Николай подбегает ко мне.
— Ш-ш-ш, моя голубка, — он смахивает слезу и обхватывает мое лицо ладонями. — Я помогу тебе.
Он собирается помочь Алексу?
— Видишь ли, эта… любовь… совершенно губительная слабость.
— Нет, — я качаю головой.
Николай вынимает из кобуры пистолет, вкладывает мне в руку и сжимает мои онемевшие пальцы вокруг рукоятки.
— Я стараюсь для тебя, голубка, — он отходит в сторону, и я смотрю на пистолет. Рука дрожит, а сердце колотится так сильно, что от его стука вибрируют барабанные перепонки – симфония страха и разбитого сердца. Я знаю, что будет дальше. Конечно, знаю. И надо было быть такой глупой, чтобы понадеяться на что-то хорошее для себя!
— Пожалуйста! — умоляю я, поднимая глаза на Николая.
Выражение его лица смягчается, и он, вытянув руку, убирает прядь волос с моих глаз.
— Голубка моя. Стань той, кем должна стать, — он поглаживает подушечкой большого пальца мою щеку, и я закрываю глаза. Слезы ручьями текут по щекам.
— Всади пулю ему в голову или застрелись сама, — голос Николая вдруг становится резким. — Ты не можешь жить, имея такую слабость. Избавься от нее любым способом, — губы Николая легко касаются моей щеки.
Я поднимаю взгляд и смотрю поверх своей вытянутой руки на противоположную стену и умоляющим голосом прошу:
— Пожалуйста, не заставляй меня делать это, — слезы застилают глаза, и я понимаю, что выгляжу слабой.
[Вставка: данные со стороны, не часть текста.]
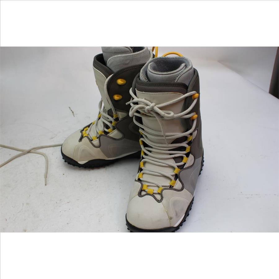 Get a great deal with this online auction for shoes presented by Property Room on behalf of law enforcement or public agency client. Style/Model: Airwalk Snowboard Shoes Size: Mens 7 / Womens 8 Color: gray/white /beige Physical Condition: Good condition, appears new or minimally used, has some visible wear, is a little dirty Condition: Good

Но мне все равно.
Взгляд Николая полон отвращения.
— Посмотри, во что он тебя превратил. Сделай выбор.
Я с трудом могу дышать, бетонные стены давят на меня. Николай убирает руку от моего лица и делает шаг назад. Мой дрожащий палец опускается на курок пистолета, и я, тяжело сглотнув, поднимаю глаза на прикованного к стене Алекса. Глядя в родные глаза, полные такой боли, такой тоски, понимаю – я люблю его, и в этом нет никаких сомнений. Для меня он – самое святое, моя спасительная гавань. Алекс – это островок добра в океане зла, луч красоты среди черного уродства. Убить его означает убить в себе то немногое хорошее, что еще осталось. Встретившись с ним взглядом, я крепче сжимаю пистолет. В его глазах смирение, но они умоляют меня не о помиловании – в них просьба выстрелить в него.
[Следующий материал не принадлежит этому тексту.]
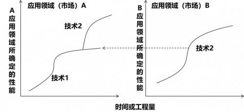如上图,左边轴线图中,企业在市场A中通过技术1,积累了越来越多客户,带来了可观的利润,但发展规模变大,也会伴随着出现技术饱和的情况。而右边轴线图中通过一个具有破坏性创新的技术,在应用市场B取得新的发展路径,这代表一个新兴市场,它们积累了新的客户后获得了利润,就会逐渐迁徙到A市场发展,通过其破坏性技术创新来满足市场A原有的客户群体,也就让技术2快速迭代至技术1之上而发展,以此来继续为企业带来新的增长点。比如说手机APP与微信小程序。手机APP代表左图的技术1,根据工信部公布的2021年我国移动应用程序(APP)发展情况,截止到2021年12月底,我国国内市场上的手机APP数量为252万款。手机APP数量如此庞大,几乎覆盖了我们生活的方方面面。每个企业开发不同的APP,并且不断地升级APP版本,似乎都是希望能够建立自身的流量池,让客户更加长期地留在自身的某个业务市场中。但我们手机的容量有限,面对这么多的APP,用户的使用习惯是不希望APP占据手机容量,所以企业也不容易维持着这部分用户长期用他们开发的APP。而微信小程序则是首先代表右图的技术2,微信小程序可以解决省去用户下载APP占据手机容量的痛点,所以很多企业开始把手机APP的功能,嫁接到微信小程序中,双方似乎也不会产生竞争冲突。但往深一层思考,目前5G技术发展越来越快,其万物互联的速度会变得非常之快,用户有可能会变得越来越习惯于用微信小程序来完成一系列APP才能完成的业务流程动作,若到了这个发展程度,就是右图的技术2逐渐转变到左图的技术2当中,抢占了开发手机APP的市场份额了。

— Давай, мелкая. Стреляй в меня.
О, Боже. Сердце мое разбивается на тысячу осколков.
— Я люблю тебя, — рвущиеся из горла всхлипы не дают мне дышать, грудь разрывается от боли, а лицо залито слезами.
— Пристрели его, Уна! — рычит Николай.
Хрипло вскрикнув, я вскидываю руку с пистолетом и целюсь Алексу между глаз.
— Прости меня, — тихо всхлипываю я и нажимаю на курок.
Глядя мне в глаза, Алекс встречает пулю, она пробивает его череп, оставляя во лбу круглое отверстие. Его тело обвисает на прикованных к стене руках. Единственный звук, который я сейчас слышу, – это стук капель крови по бетонному полу. Бесконечные секунды я стою и тупо смотрю на безжизненное тело Алекса. Сердце мое рыдает, надрываясь от крика. Оно сгорает, превращаясь в пепел. Я замыкаюсь в себе. Моя душа изломана и болит так сильно, что вряд ли я смогу эту боль пережить. Да и не хочу.
Легкие сжимаются, сердце обливается кровью. Я слышу грохот. Это пистолет, выпавший из моих онемевших пальцев, ударяется о бетонный пол. Я скорблю. Скорблю о мальчике, которого убила. Скорблю о девочке, которой была когда-то. Она бы ни за что так не поступила. Только что я собственноручно убила лучшего на свете человека – единственного, кроме Николая, кому была небезразлична. И именно Николай вложил пистолет в мою руку. Именно Николай заставил меня сделать это. Алекс так любил меня, что умолял выстрелить в него, а не в себя. И я сделала это, проявив себя настоящим чудовищем.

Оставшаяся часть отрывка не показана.